The first train of R188 cars began operating in passenger service on November 9, 2013. Test runs of R188s in automated mode started in late 2014. However, the CBTC retrofit date was later pushed back to 2017 and then to 2018 after a series of problems that workers encountered during installation, including problems with the R188s. The project also went over budget, costing $405 million for a plan originally marked at $265.6 million. In February 2017, the MTA started overnight testing of CBTC on the Flushing Line from Main Street to 74th Street, with CBTC being used in regular passenger service by August and full implementation in October. By February 2018, the rest of the line from 74th Street to 34th Street–Hudson Yards was projected to begin operating in CBTC service in fall 2018. CBTC was activated on the segment between 74th Street and the Steinway Tunnel over eight weekends in mid-2018. The remaining segment of the Flushing Line, between the Steinway Tunnel and 34th Street–Hudson Yards, began operating in CBTC service on November 26, 2018. However, the MTA also stated that several more weeks of maintenance work would be needed before the system was fully operational. The project was substantially completed on March 7, 2019, and full automatic train operation began in May 2019, allowing for the increase in service to 29 tph. The MTA's Independent Engineering Consultant noted that CBTC can support the operation of additional service, and recommended that NYCT use a simulation of the line to identify line constraints and bottlenecks, and undertake projects to increase the capacity of the line.

=== Wider installation of CBTC ===

Map of lines where CBTC is being installed or where CBTC is active as of September 2026:

- CBTC active
- CBTC installation in progress

As part of the 2015–2019 Capital Program, there will be 73.2 mi of lines that will get CBTC, at a cost of $2.152 billion (part of a $2.766 billion automation/signaling project that is being funded in the Capital Program). Another $337 million is to be spent on extra power substations for CBTC. This installation of CBTC would require Siemens and Thales to cooperate on the installation process for all of the lines; they had worked separately in installing the Canarsie Line's and Flushing Line's CBTC systems, respectively.
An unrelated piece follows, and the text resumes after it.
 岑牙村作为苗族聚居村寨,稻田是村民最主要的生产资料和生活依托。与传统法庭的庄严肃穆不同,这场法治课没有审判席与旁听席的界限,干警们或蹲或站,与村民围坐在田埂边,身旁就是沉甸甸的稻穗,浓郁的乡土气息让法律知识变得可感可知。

In a 2014 report, the MTA projected that 355 miles of track would receive CBTC signals by 2029, including most of the IND, as well as the IRT Lexington Avenue Line and the BMT Broadway Line. The MTA was also planning to install CBTC equipment on the IND Crosstown Line, the BMT Fourth Avenue Line and the BMT Brighton Line before 2025. On the other hand, Regional Plan Association prioritized the Lexington Avenue, Crosstown, Eighth Avenue, Fulton Street, Manhattan Bridge, Queens Boulevard, Rockaway, and Sixth Avenue subway lines as those in need of CBTC between 2015–2024.

In March 2018, New York City Transit Authority president Andy Byford announced that he had created a new plan for re-signaling the subway with CBTC, which would only take 10 to 15 years, compared to the previous estimate of 40 years. However, this would be very expensive, costing $8 to $15 billion. Byford subsequently announced his $19 billion subway modernization plan at an MTA board meeting in May 2018. The plan involved upgrading signals on the system's five most heavily used physical lines, as well as accelerating the deployment of ISIM-B to all subway lines that did not already have either automatic train supervision or CBTC.
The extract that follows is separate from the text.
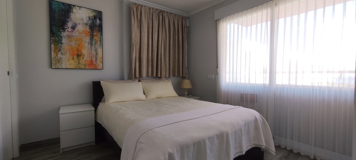 Sunny apartment on the Costa Blanca, facing the sea, ideal for short holidays or full seasons. Playa de los Náufragos and Playa del Acequion 1 min walk. Fully furnished, it has what you need to not worry about anything. We have a crib and high chair. Doors and toilet prepared for the disabled. There is free parking. Pharmacy services, supermarkets, restaurants, bus stop, taxi in the same building 😀 15 minutes walk from the center and the fair! You don't need a car!!

By 2023, CBTC projects on the entire Crosstown, Lexington Avenue, Archer Avenue IND, and Queens Boulevard lines were planned. In addition, CBTC work already underway on the Eighth Avenue Line south of 59th Street and on the Culver Line from Church Avenue to West Eighth Street–New York Aquarium would be completed. Moreover, under Byford's plan, the MTA would start retrofitting the entire Broadway Line from Queensboro Plaza to DeKalb Avenue, via both the Montague Street Tunnel and the Manhattan Bridge; the entire Fulton Street and Rockaway Lines; the IND 63rd Street Line; the IND Sixth Avenue Line from 59th Street–Columbus Circle to Jay Street–MetroTech and DeKalb Avenue via the Manhattan Bridge; the IRT Broadway–Seventh Avenue Line south of 96th Street; the Lenox Avenue Line; and a portion of the IRT White Plains Road Line to Jackson Avenue by 2028 at the latest. This would require nightly and weekend closures of up to two and a half years for every line that would be affected, although weekday service would be maintained. As part of the plan, all subway cars would be CBTC-equipped by 2028.
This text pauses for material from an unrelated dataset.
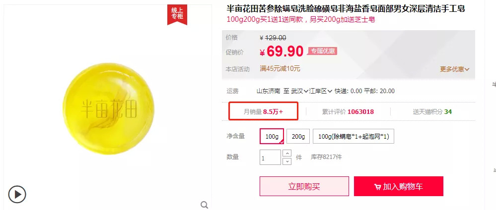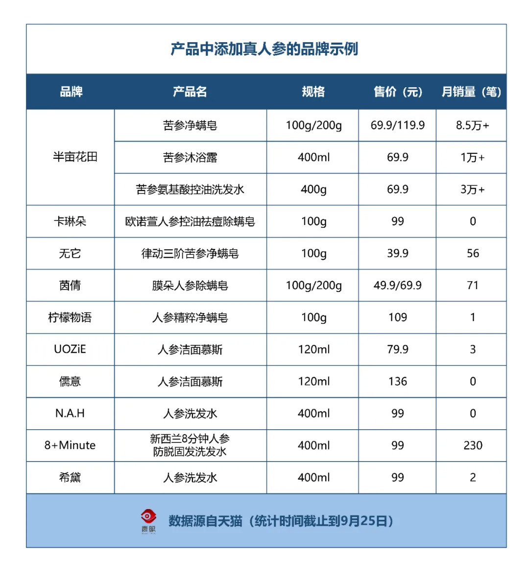 青眼梳理这些“泡着人参”的化妆品发现,在这之中,除了半亩花田表现尚可,其他品牌产品销量寥寥。以半亩花田的一款苦参净螨皂为例,其主要成分即是苦参碱,产品中就包裹着一根人参,客服称系“长白山人参”,显示月销量为8.5万+。这不禁让人怀疑,真有这么多长白山人参给他们加在肥皂里吗?而另外4个品牌的同款皂类产品处境尴尬,月销量均未过百。

The 2015–2019 Capital Program was revised in April 2018 to fund the upgrade of negatively-polarized direct current cables and the replacement of segments of contact rail with low resistance contact rail along Lexington Avenue to improve power distribution and increase capacity and to upgrade negative cables along Queens Boulevard. The draft 2020–2024 Capital Program calls for adding CBTC to several more lines, namely the entire Lexington Avenue Line from 149th Street—Grand Concourse to Nevins Street; the entire Crosstown; the Astoria Line to 57th Street; the IND 63rd Street line; the IND Fulton Street Line west of Euclid Avenue station; the remainder of the IND Queens Boulevard Line; and the IND Archer Avenue Line. The implementation of CBTC on the 63rd Street Line from 21st Street–Queensbridge to 57th Street and on the Fulton Street Line from Jay Street to Ozone Park had been slated for the 2025–2029 Capital Program. The Astoria Line was not one of the lines originally planned for CBTC installation in the Fast Forward plan.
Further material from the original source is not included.